Canal Street: 84 vintage photos over a hundred years old

Canal Street in 1964; it’s White House on the right. This building is now the Ritz Carlton hotel.

Hotel developments like the Ritz-Carlton New Orleans have converted some of the old department store buildings. But several studies, including the most recent in 2018 by the city, have identified several issues that have hindered the region’s progress toward emulating other trade corridors such as Fayetteville Street in Raleigh, North Carolina.

These include traffic and loading issues that prevent the street from becoming more pedestrian-friendly, as well as “quality of life” issues, such as vagrancy, persistent burning, and crime.

Still, Colin Gillis, head of acquisitions at Passco, said the Canal 1535 complex was a bargain.

“We were able to take advantage of a truly unique opportunity to acquire a property of this caliber for a much lower basis than today’s replacement cost,” he said.

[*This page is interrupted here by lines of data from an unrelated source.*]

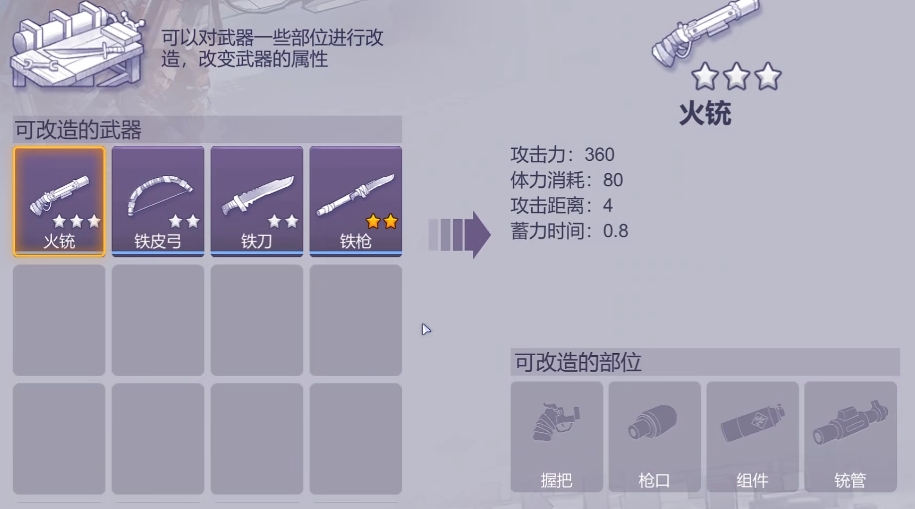 通过和军火商马叔交易或是打败特定敌人时还有几率获得铁枪蓝图和配件,比如玩家需要的火铳制作图纸,就可在“拯救村民于水火”的任务中通过搜刮获得,在得到以后,就可在工作台界面根据提示准备所需材料,其中包括20个生铁、2个短水管和4个胶带,而制作的过程大概也就5秒左右。
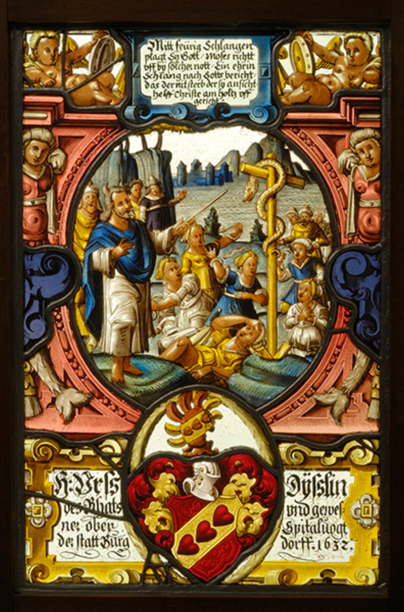 Die vier Scheiben im Bernischen Historischen Museum (BHM Bern, Inv. 14898–14901) gehören zu einem Zyklus, der laut Sammlungsbericht des Museums aus Lützelflüh stammen soll, das im Emmental zwischen Langnau und Burgdorf gelegen ist (Jahrbuch BHM Bern 1922). Wie viele Scheiben ehemals zu dieser Serie gehörten, ist nur schwer abzuschätzen. Sie dürften aus Gründen der Bandbreite der Szenen recht zahlreich gewesen sein und wahrscheinlich aus einem kirchlichen Kontext stammen. Es ist zudem anzunehmen, dass die Bilder des Alten Testaments solchen des Neuen gegenüberstanden. So ist die Aufrichtung der Ehernen Schlange eine Präfiguration der Kreuzigung Christi (nicht erhalten), denn wie die Israeliten beim Blick auf die eherne Schlange Heilung erfuhren, so brachte der Gekreuzigte den christlichen Gläubigen die Erlösung.
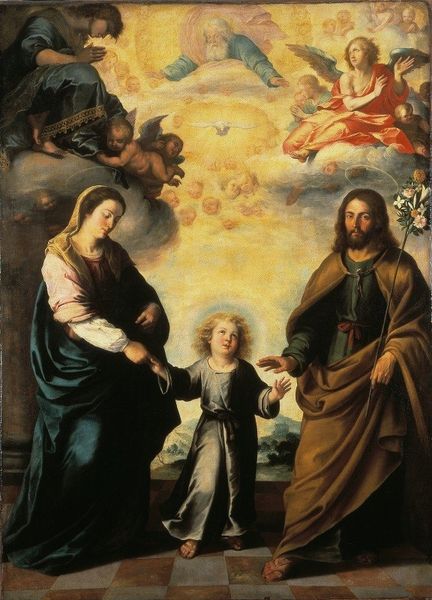 Bartolomé Estebán Murillo painted ‘The Infant Christ Distributing Bread To The Pilgrims’ in oil on canvas at an unknown date. But it was most likely painted in Seville, Spain, in the mid-17th century. Murillo was one of the most celebrated painters of the Spanish Baroque. His work often served the Counter-Reformation’s agenda, using sentimental and idealized imagery to reinforce Catholic doctrine. Here, the painting depicts a vision of the Virgin Mary and the infant Christ child, who miraculously provides bread to a group of pilgrims. During this period, Seville was a major port city facing considerable social inequality. Religious institutions, like the Catholic Church, played a crucial role in alleviating poverty through charitable acts. Murillo, through his art, actively contributed to this effort by reinforcing the Church’s teachings and encouraging piety among the faithful. To gain a deeper understanding of Murillo’s paintings, one might examine archival records from the Catholic Church, as well as the artist’s biography. This would give you more insight into the social and institutional context in which he worked.

Canal Street Short Term Rentals

A row of buildings in the 900 block of Canal Street in New Orleans is being transformed into short-term rental properties.

The building was sold by Dallas-based Provident Realty Investors and partners, who completed the $85 million development two years ago.

Passco also said last week that it had acquired the 272 Sawgrass Point apartments in Gonzales. With the two new purchases, Passco has acquired a total of six properties in Louisiana over the past five years for a total of 1,690 units.

Other Passco Louisiana properties include Tapestry Long Farm, a 276-unit complex in Baton Rouge; Sweetwater Apartments in East Baton Rouge, with 276 units; The Collins at Covington, 272 units; and Watervue, 264 units in Lake Charles.

Passco typically syndicates its properties after purchasing them as a Delaware Statutory Trust. This is intended to attract investors looking to defer their capital gains in similar real estate investments to avoid paying taxes.